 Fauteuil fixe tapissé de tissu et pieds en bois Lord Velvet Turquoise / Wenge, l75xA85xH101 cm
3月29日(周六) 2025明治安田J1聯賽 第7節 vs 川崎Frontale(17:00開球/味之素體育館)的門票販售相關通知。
◆ ◆ ◆ ◆
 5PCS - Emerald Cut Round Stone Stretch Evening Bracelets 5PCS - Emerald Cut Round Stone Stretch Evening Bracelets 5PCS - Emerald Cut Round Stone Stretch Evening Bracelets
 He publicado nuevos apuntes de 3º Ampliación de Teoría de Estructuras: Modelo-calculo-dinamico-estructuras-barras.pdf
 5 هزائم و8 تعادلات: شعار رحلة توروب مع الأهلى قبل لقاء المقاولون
◆ ◆ ◆ ◆
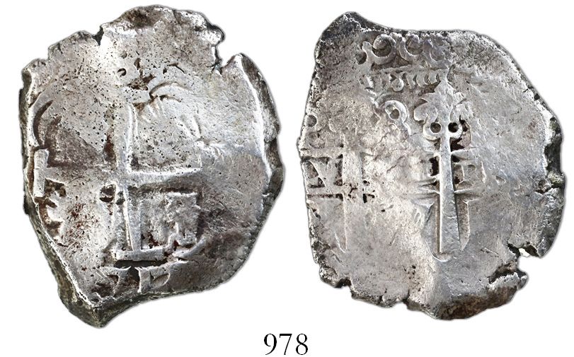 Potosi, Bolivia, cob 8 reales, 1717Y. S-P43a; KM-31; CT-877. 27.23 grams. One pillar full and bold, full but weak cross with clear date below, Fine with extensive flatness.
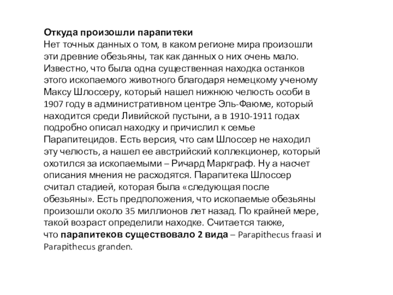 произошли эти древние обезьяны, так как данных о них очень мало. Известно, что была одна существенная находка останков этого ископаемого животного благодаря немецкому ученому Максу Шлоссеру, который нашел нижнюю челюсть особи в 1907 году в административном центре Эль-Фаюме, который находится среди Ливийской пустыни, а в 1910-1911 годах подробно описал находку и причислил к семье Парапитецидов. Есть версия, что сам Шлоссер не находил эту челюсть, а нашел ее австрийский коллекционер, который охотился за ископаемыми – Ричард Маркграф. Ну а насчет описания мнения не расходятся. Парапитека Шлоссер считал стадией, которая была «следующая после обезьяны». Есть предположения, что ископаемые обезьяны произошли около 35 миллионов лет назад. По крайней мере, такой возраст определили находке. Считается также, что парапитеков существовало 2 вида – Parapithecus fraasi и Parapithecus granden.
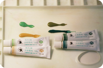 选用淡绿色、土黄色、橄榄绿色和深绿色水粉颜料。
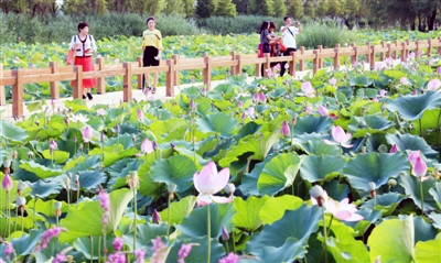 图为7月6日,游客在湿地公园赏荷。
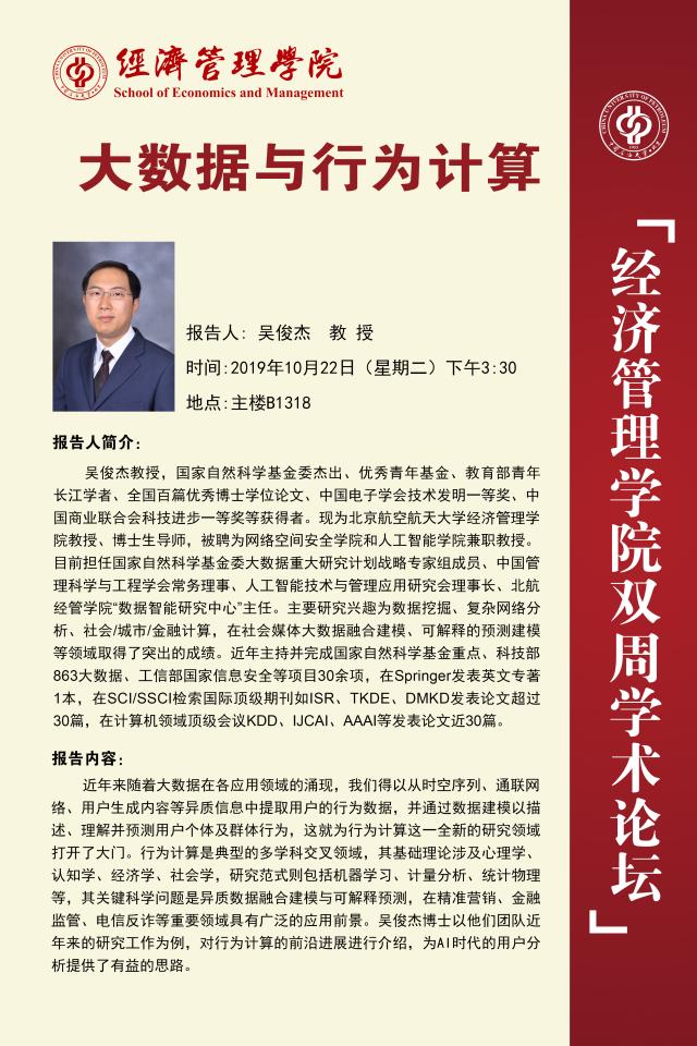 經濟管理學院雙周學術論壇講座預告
◆ ◆ ◆ ◆
For the lines above, output exactly those from the line containing "He publicado nuevos" through the line containing "5 هزائم و8 تعادلات: شعار", and skip the others.

# Completed task
 He publicado nuevos apuntes de 3º Ampliación de Teoría de Estructuras: Modelo-calculo-dinamico-estructuras-barras.pdf
 5 هزائم و8 تعادلات: شعار رحلة توروب مع الأهلى قبل لقاء المقاولون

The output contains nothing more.